Our member notes that securing internal valves when an SDC launch is delayed is a legacy practice to prevent gas usage via leaks through the panels or the diver’s hats.  The checklist does not cover this practice, thereby introducing reliance on the bellman to remember to put the gas on line prior to the diver locking out.

On returning to the SDC, the internal valves were not returned to their operational position as per the diving checklist.

Diver 1 locked out of the SDC and started to prepare diver 3’s umbilical when his gas became tight.  He informed the diving supervisors he was going onto bailout.  The diving supervisor informed the divers in the SDC that diver 1 was returning and asked them to check his surface gas supply.

Diver 1 came into the bell mouth and raised his head up out of the water line, by which time the bellman had opened the divers supply and onboard gas hull valves to give him surface gas again.

On confirmation of the diver’s primary and secondary gases being online, diver 1 locked out again, followed by diver 2.

Our member’s summary

The practice of securing the SDC internal gas when there are known delays to locking off was adopted in the past due to system leaks and improper equipment stowage and securing; it is no longer considered good practice.

The purpose of the checklist is defeated if the valve status is changed after the checklist is considered completed.  Safety critical checklists can only be effective in reducing human error if used at the correct stage of the process.

Deviation from processes and procedures should be managed and communicated.  In this case, the deviation should have been captured in the diving supervisors log or handovers and the checklist should have been repeated.

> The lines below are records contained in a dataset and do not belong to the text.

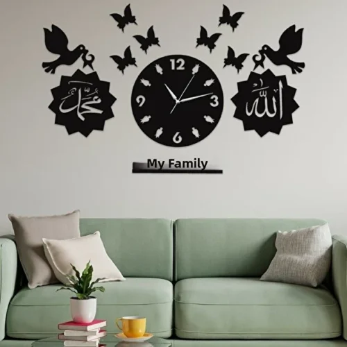 Luxury Golden Acrylic Islamic Wall Clock – Premium Calligraphy Design
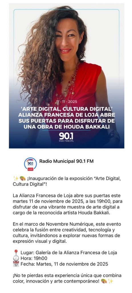 Del 8 de noviembre al 29 de noviembre la Alianza Francesa de Loja, expone “Arte Digital, Cultura Digital” de Houda Bakkali. La muestra fusiona obras físicas y con la realidad aumentada, permitiendo al público disfrutar del arte de una manera diferente, más inmersiva, más lúdica y más interactiva. Asimismo, la muestra se complementa con una galería virtual, contenidos multimedia y recursos divulgativos y didácticos sobre arte digital, usos, utilidades y retos. La exposición se celebra en el marco del Noviembre Digital evento promovido por el Instituto Francés a nivel mundial para promover el arte y la cultura digital.
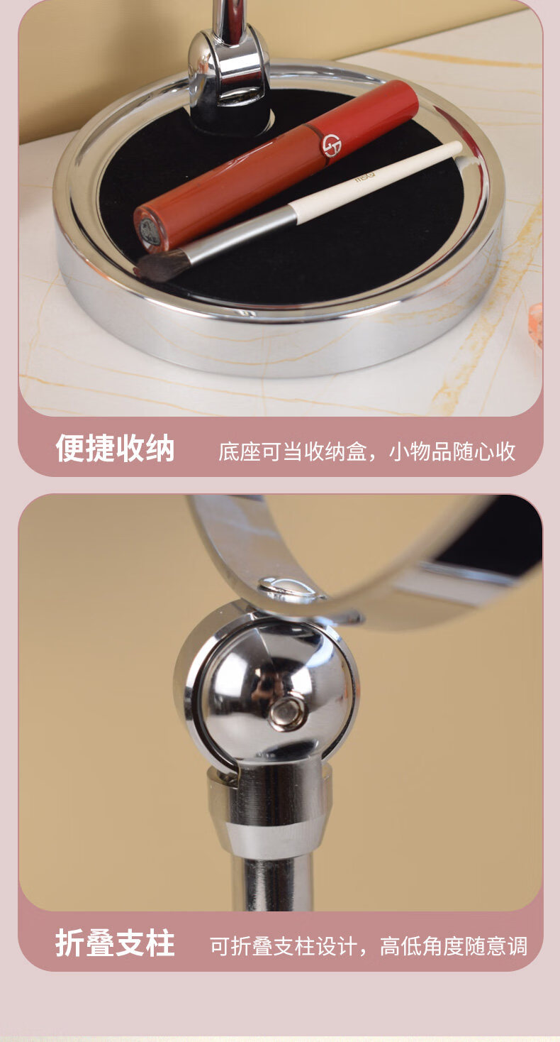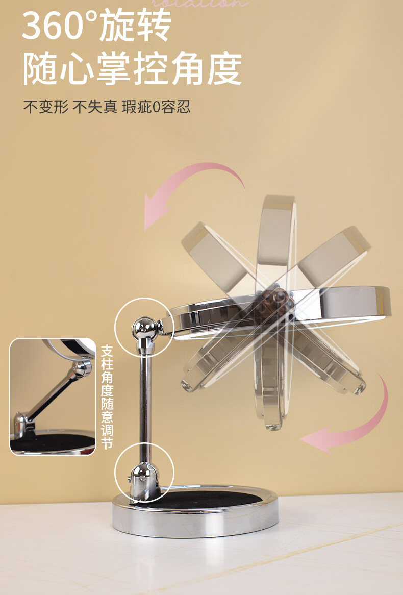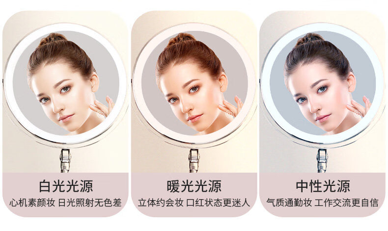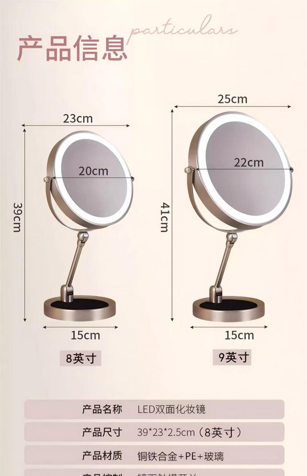 New style liftable makeup mirror desktop folding mirror home smart mirror with light LED makeup mirror fill-in double-sided mirror 8-inch silver charging three-color stepless brightening large battery 3 times

What lessons were learned?

  • Checklists and procedures are critical for safe operations and should be followed;
  • Any deviations from procedures and processes should be managed;
  • If deviation becomes common practice, then the procedures or checklists should be formally reviewed and updated;
  • If gas supplies are secured whilst the SDC is onboard, a complete SDC internal valve check should be performed to ensure status of all valves is correct before diving operations recommence;
  • SDC internal checklists were updated to consider the scenario noted here.

Members are encouraged to continue to educate both new and experienced personnel on:

  • The importance of following procedures and checklists;
  • The value in providing feedback on procedures and checklists;
  • Use of the management of change (MOC) process for any deviations, regardless of how minor.